So in the MyFunc function, if you try to find the value of open, we first check the local namespace, then the global namespace, and then build the namespace. If the definition of open is not found in these 3 namespaces, a Nameerror exception is thrown.
implementation of scoping lookup

The search process above is only conceptual. The implementation of this lookup process gives us the space to explore the implementation.

def foo ():
 a = 1 return
 a
 
def bar (): Return
 a
 
def baz (a=1): Return
 A

Let's look at the byte code for each function:

>>> import Dis
>>> dis.dis (foo)
 2   0 load_const    1 (1)
    3 store_fast    0 ( A)
 
 3   6 load_fast    0 (a)
    9 return_value
 
>>> Dis.dis (bar)
 2   0 Load_global    0 (a)
    3 return_value
 
>>> Dis.dis (baz)
 2   0 load_fast    0 (a)
    3 return_ VALUE

Notice the difference between Foo and bar. We can immediately see that at the bytecode level, Python has already judged what a local variable is, and what is not, because Foo uses load_fast, and bar uses Load_global.

We don't specifically explain how the Python compiler knows when to generate any bytecode (perhaps that's the scope of another article), but it's understandable that Python already knows what type of lookup to perform when it executes a function.

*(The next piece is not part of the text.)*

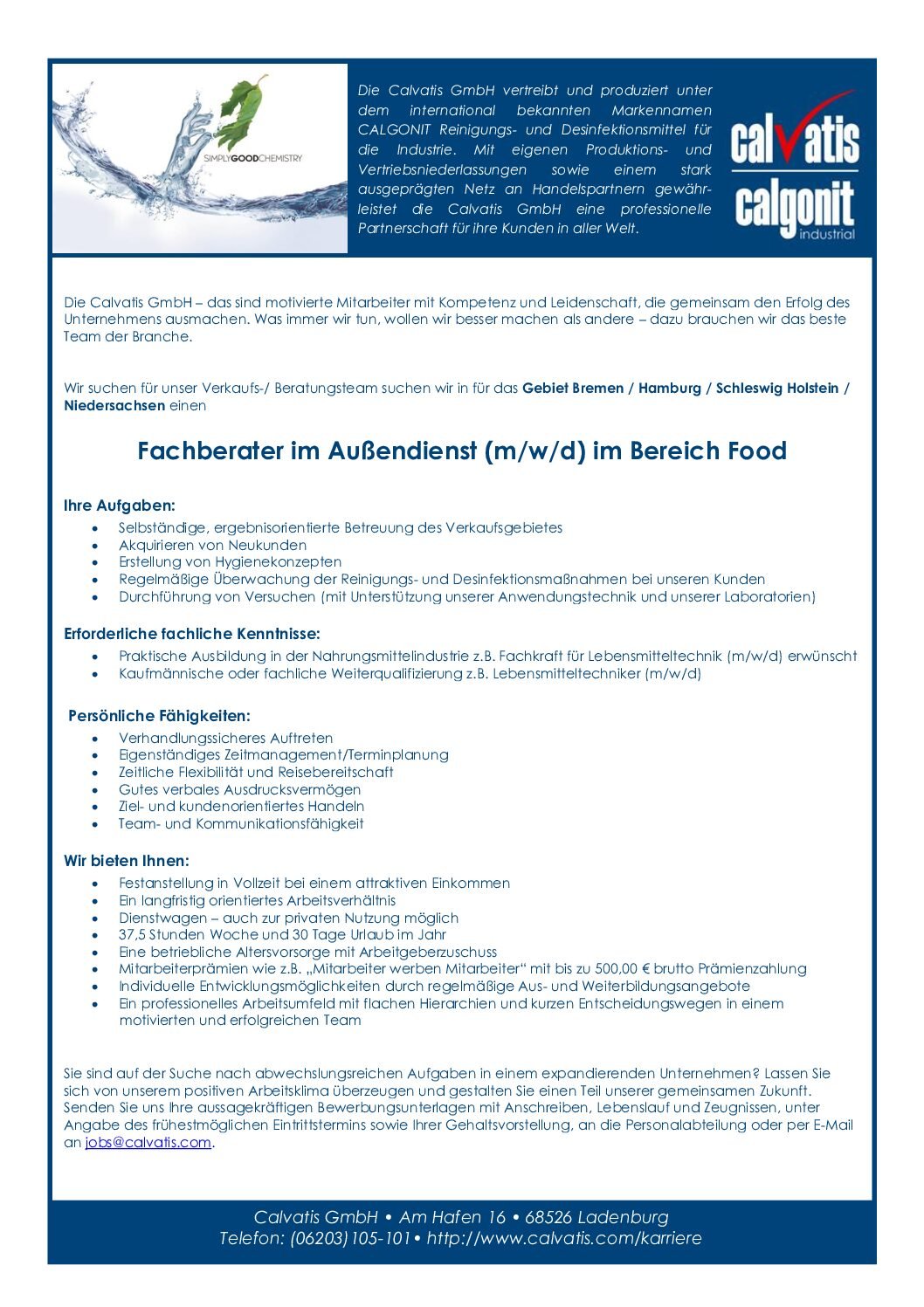 Calvatis ist einer der weltweit führenden unabhängigen Hersteller von Reinigungs- und Desinfektionsmitteln. Unseren Kunden bieten wir individuelle und qualitativ einzigartige Produkte und Hygienekonzepte, die ihresgleichen suchen. Calvatis wird sich auch in Zukunft weiterentwickeln, weil die Unternehmensstruktur es ermöglicht, sich schnell und flexibel den Gegebenheiten des Marktes anzupassen.

Another easy to confuse is that Load_global can be used for both the global and the lookup of an builtin namespace. Ignoring the problem of nested scopes, you can think of this as "nonlocal." The corresponding C code is probably [1]:

Case Load_global:
 v = pyobject_getitem (f->f_globals, name);
 if (v = = NULL) {
  v = pyobject_getitem (f->f_builtins, name);
  if (v = = NULL) {
   if (pyerr_exceptionmatches (pyexc_keyerror))
    Format_exc_check_arg (
       pyexc_nameerror,
       name_error_msg, NAME);
   goto error;
  }
 }
 PUSH (v);

Even if you've never seen CPython's C code, the code above is pretty straightforward. First, check that the key name we are looking for is in the F->f_globals (Global Dictionary), and then check that the name is in the F->f_builtins (built-in dictionary), and then throw the Nameerror exception if none of the above two locations are found.
to bind a constant to a local scope

Now let's look at the first code example and understand that the last argument is actually binding a function to a function in the local scope. This is done by assigning the dict.__setitem__ to the default value of the parameter. Here's another example:

def not_list_or_dict (value): Return not
 (isinstance (value, dict) or isinstance (value, list)
 
def not_list_or_ Dict (value, _isinstance=isinstance, _dict=dict, _list=list): Return not
 (_isinstance (value, _dict) or _isinstance ( Value, _list))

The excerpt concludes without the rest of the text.